We can predict that the strategists of capitalism will have just as little clue as in 2014 on how to overcome the evident ‘deficiencies’, more like catastrophic consequences, of their crisis-ridden system. They have characterised this as a ‘great recession’ – carefully avoiding the term ‘depression’ due to its association with the 1930s.
This did not prevent some of their spokespersons, like Martin Wolf of the Financial Times, from describing the current situation as a ‘managed depression’. Now, however, they speak of the ‘great frustration’.
This at least has the merit of summing up the inability of capitalist economists to prescribe solutions to the present crisis.
Six years after 2008 and despite the colossal stimulus worldwide of over $6 trillion – equal to one third of US gross domestic product – only the US of the major economic blocs is in ‘recovery’ mode. And even that is more of an illusion than a reality because, up to now, this has been largely ‘joyless’, for the millions of jobless and the army of poverty-stricken Americans. Figures for the growth of ‘in-work poverty’ are staggering.
And this is despite the unexpected bonus from the US shale ‘revolution’. This, it is estimated, has generated two million extra US jobs and a bonus for motorists of $160 billion through falling oil prices – equivalent to a big ‘tax cut’ that does not have to go through Congress! Yet even in the US this has not produced the hoped-for economic and political stability.
The turnout in the midterm elections was the lowest since 1942! Those who supported Obama in the last presidential election – the youth and minorities – deserted him as he had deserted them, shattering their hopes and aspirations.
The same poverty and racial discrimination as in the past, indicated by Ferguson and elsewhere, scars US society. This inequality and conflict is mirrored throughout the world as the continued carnage in the Middle East, an undeclared bloody war in Ukraine and ratcheted-up tensions worldwide show.
Poverty
In Britain, the Cameron government is besieged by one damning report after another reflecting the scale and depth of poverty, a direct product of the system that their millionaires’ government protects.
The time when the Church of England was described as the ‘Tory party at prayer’ has long gone. But the findings of a report on poverty by the Archbishop of Canterbury Justin Welby and the Church of England make for damning reading indeed. Volunteers, it says, have been “courageously fighting” a “social Dunkirk”.
Yet there are still a million British people using food banks and behind the bald figures is a picture of the truly terrible plight of the poor: “An unemployed woman from Birkenhead was taken to hospital with malnutrition after not eating for five days because she had no money to buy food.”
This is my home town, long associated with poverty, even in the post-1945 boom. But it never led in the 1950s, 60s or 70s to the appearance of actual malnutrition!
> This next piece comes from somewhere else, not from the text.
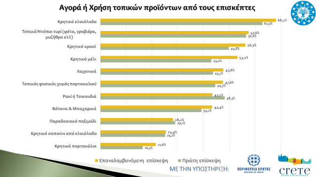 Σχετικά με τα τοπικά αγροτικά προϊόντα, ο αλλοδαπός τουρίστας μένει πολύ ικανοποιημένος από τα τοπικά χαρακτηριστικά των προϊόντων αυτών, ενώ προβαίνει και σε αγορά αυτών με το ελαιόλαδο, τα τοπικά τυριά, το κρασί, το μέλι, τα λαχανικά, τον φυσικό χυμό πορτοκαλιού, την τσικουδιά και τα βότανα/μπαχαρικά να συνεχίζουν και φέτος να προτιμώνται περισσότερο από τους αλλοδαπούς τουρίστες, ενώ ιδιαίτερη δυναμική παρουσιάζουν φέτος τα τοπικά τυριά.  Μάλιστα, ένα αξιοσημείωτο στοιχείο είναι ότι η πλειοψηφία των τουριστών που έχουν ήδη ξαναεπισκεφθεί τη Δυτική Κρήτη αγοράζουν περισσότερο τα τοπικά αγροτικά προϊόντα από ότι οι τουρίστες που επισκέπτονται την περιοχή για πρώτη φορά, γεγονός που αναδεικνύει την εμπιστοσύνη που δείχνουν οι επισκέπτες στα Κρητικά ποιοτικά αγροτικά προϊόντα.

In 1932, riots were provoked by the same fear of hunger that stalks Britain today. One of the themes of the hugely popular ‘Hunger Games’ is how hunger and oppression prepare the ground for revolution.
It is no accident that films like this are produced at this time. A similar trend in film, music and art preceded the revolutionary storms of the 1960s and 70s: “the wind blows the tops of the trees first”.
We recently witnessed how the big stores were besieged on ‘Black Friday’ for cheap goods. This is just one step removed, given the social situation in Britain to similar ‘raids’ in some countries for food!
Moreover, Guardian journalist Suzanne Moore, in commenting on the scandalous state of the housing stock in Britain, indicated that negligent slum landlords were turning a blind eye to ceilings falling and causing injury to renters. I had first-hand experience of this in Birkenhead in the 1960s when a ceiling collapsed on me in a bedroom of our family home, leaving me with a lifelong scar.
This ‘modern’ poverty is much more widespread as this recent report shows: “A heavily pregnant woman and her partner found living, without food, in a child’s tent in a wealthy Berkshire town in the middle of winter; and a man from Wirral crushed to death after a refuse lorry picked up the bin in which he was scavenging for food.”
Welby said that he was more shocked by poverty in Britain than he was on a recent trip to Africa because “it was so unexpected”.
He must have led a sheltered life, particularly when today you can literally trip over the destitute when walking in all the big cities of Britain.
The rising poverty in Britain is directly related to the cold cruelty of Osborne and Cameron, not to say Duncan Smith for imposing a system which punishes the poor and cuts their benefits with the futile intention of driving them to seek out non-existent jobs. The Guardian reported that since October 2012, almost 850,000 individuals have received benefit sanctions.
Yet these Tory and Liberal Democrat creatures pretend to be shocked when they come in for criticism.
‘Iron Chancellor’
Osborne particularly furiously protested when BBC commentators – acting on this occasion more as a semi-opposition to the government than Labour and Miliband – claimed that his proposed cuts would take Britain back to the 1930s and “the bleak living conditions” depicted in George Orwell’s ‘Road to Wigan Pier’. The BBC was just telling the truth… for once.
This episode illustrates that Osborne miscalculated. His attempt to present himself once more as the ‘Iron Chancellor’, ready to inflict further punishment on the British people, completely blew up in his face. After five years of austerity – in reality planned poverty – the British people are in no mood to accept more of the same, “colossal cuts” in the words of his own friends, the Institute for Fiscal Studies. They pointed out that only £35 billion of the £90 billion cuts required from Whitehall departments have already been implemented.
Like the Geddes report of the 1920s – which led to the 1926 general strike – this programme is for endless austerity, as the Socialist has predicted from the outset. It means a slashing of the state “to the levels of the 1930s as a proportion of GDP. That is an extraordinary concept – reading like a book of doom”, as BBC reporter Norman Smith correctly commented. He was roundly condemned for his “hyperbole” by Osborne.
Quite clearly, the government through Osborne has given notice of further attacks on top of what have already been made. He unsuccessfully tried to soften the effect by making concessions on Stamp Duty for house purchases.
But the government was exposed as having no policy for the mass of the population other than axing jobs and services in the public sector and living standards generally.
The assumption of Osborne’s plans was that any future spending leading to growth will not come from increased wages and income of the working class.
The government’s Office for Budget Responsibility openly refers to “subdued earnings”, government/bosses-speak for big wage and income cuts which have already taken place.
This, in turn, has automatically led to a drop in government tax revenue, necessitating further cuts in government expenditure in order to maintain even present government spending.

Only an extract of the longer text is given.